§ Data in this exercise:
++++++++

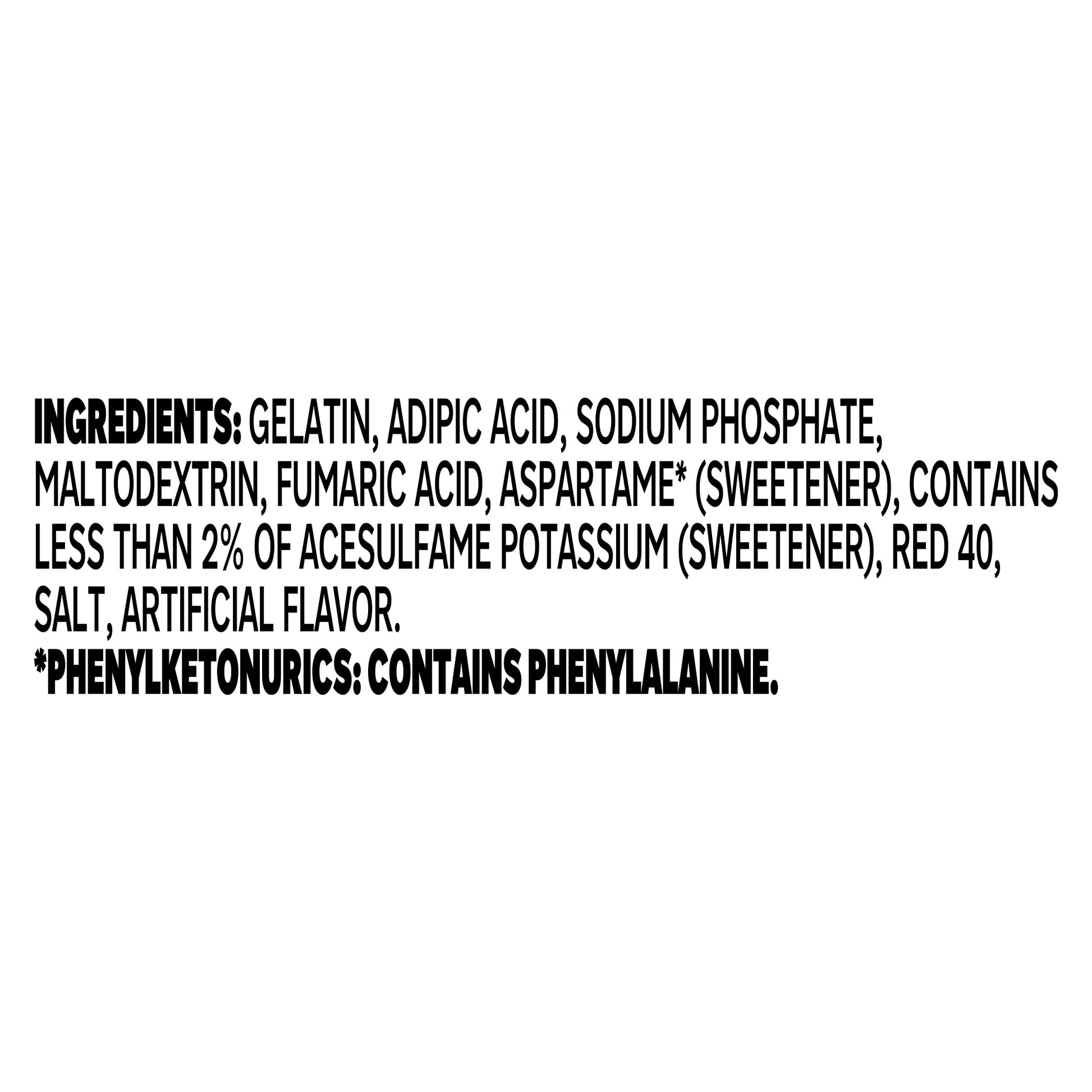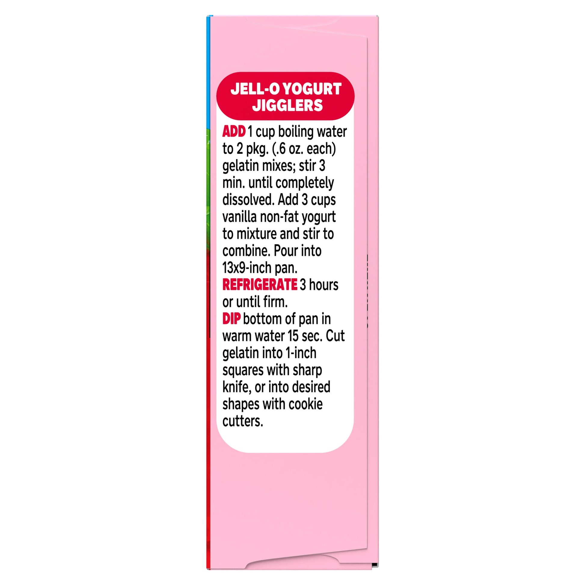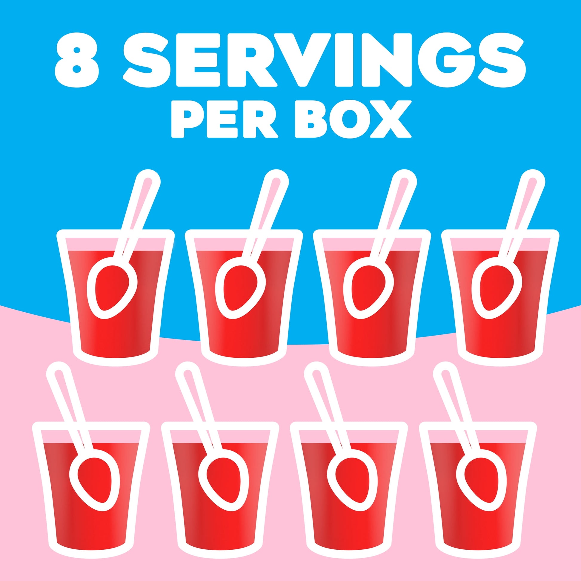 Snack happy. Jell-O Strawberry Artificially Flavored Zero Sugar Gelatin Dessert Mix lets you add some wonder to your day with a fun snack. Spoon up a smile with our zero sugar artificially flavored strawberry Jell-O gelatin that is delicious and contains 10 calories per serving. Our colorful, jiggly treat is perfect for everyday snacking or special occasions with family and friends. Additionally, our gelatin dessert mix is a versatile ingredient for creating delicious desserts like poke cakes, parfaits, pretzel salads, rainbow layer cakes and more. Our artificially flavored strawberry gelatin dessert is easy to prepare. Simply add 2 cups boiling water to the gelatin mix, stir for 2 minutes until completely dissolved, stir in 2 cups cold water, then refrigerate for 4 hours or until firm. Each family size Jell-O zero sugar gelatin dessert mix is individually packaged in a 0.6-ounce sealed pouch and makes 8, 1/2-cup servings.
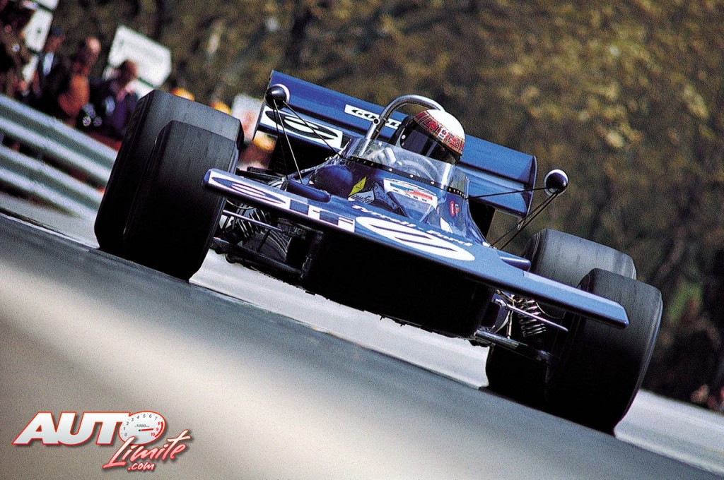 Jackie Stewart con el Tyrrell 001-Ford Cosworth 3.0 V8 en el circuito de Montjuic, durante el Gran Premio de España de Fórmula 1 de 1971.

++++++++

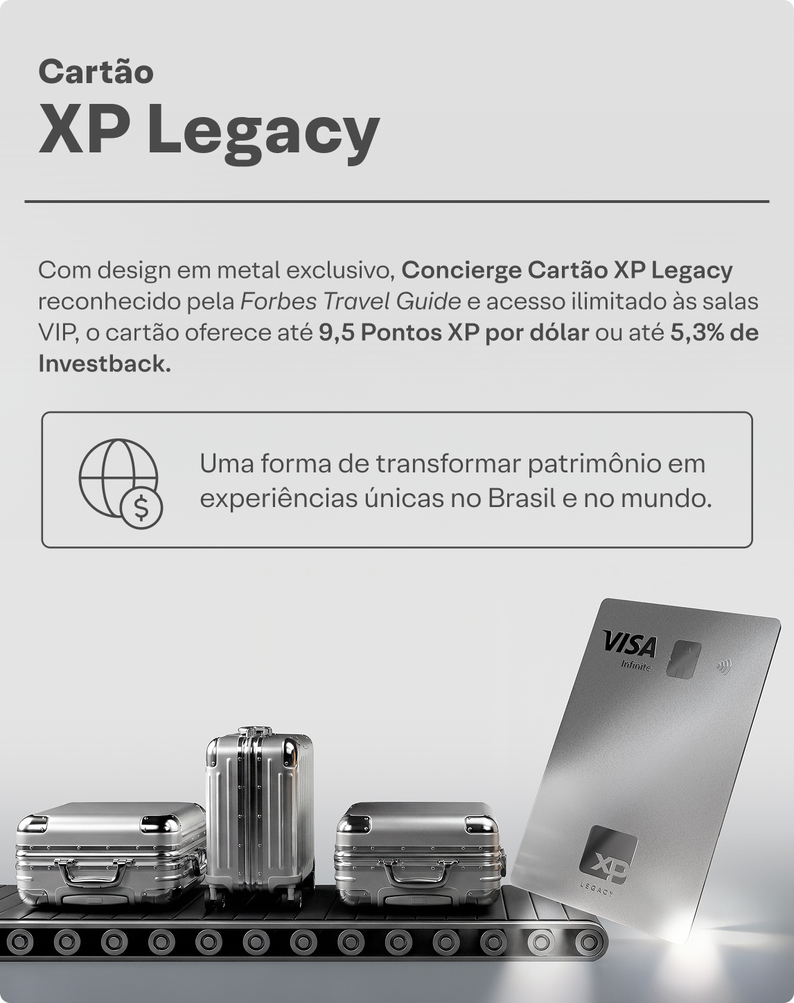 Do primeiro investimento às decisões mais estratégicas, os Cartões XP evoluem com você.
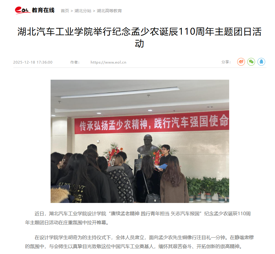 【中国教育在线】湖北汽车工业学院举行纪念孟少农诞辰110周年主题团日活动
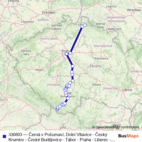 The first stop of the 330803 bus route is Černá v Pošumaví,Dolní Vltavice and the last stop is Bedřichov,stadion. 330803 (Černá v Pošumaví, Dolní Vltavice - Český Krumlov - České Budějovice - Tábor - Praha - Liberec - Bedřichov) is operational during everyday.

++++++++

§ What you have to do: What do the entries above read from the line containing "Do primeiro investimento" through the line containing "The first stop"? Output those lines exactly, both ends included, with the pictures left out.

§ Solution:
 Do primeiro investimento às decisões mais estratégicas, os Cartões XP evoluem com você.
 【中国教育在线】湖北汽车工业学院举行纪念孟少农诞辰110周年主题团日活动
 The first stop of the 330803 bus route is Černá v Pošumaví,Dolní Vltavice and the last stop is Bedřichov,stadion. 330803 (Černá v Pošumaví, Dolní Vltavice - Český Krumlov - České Budějovice - Tábor - Praha - Liberec - Bedřichov) is operational during everyday.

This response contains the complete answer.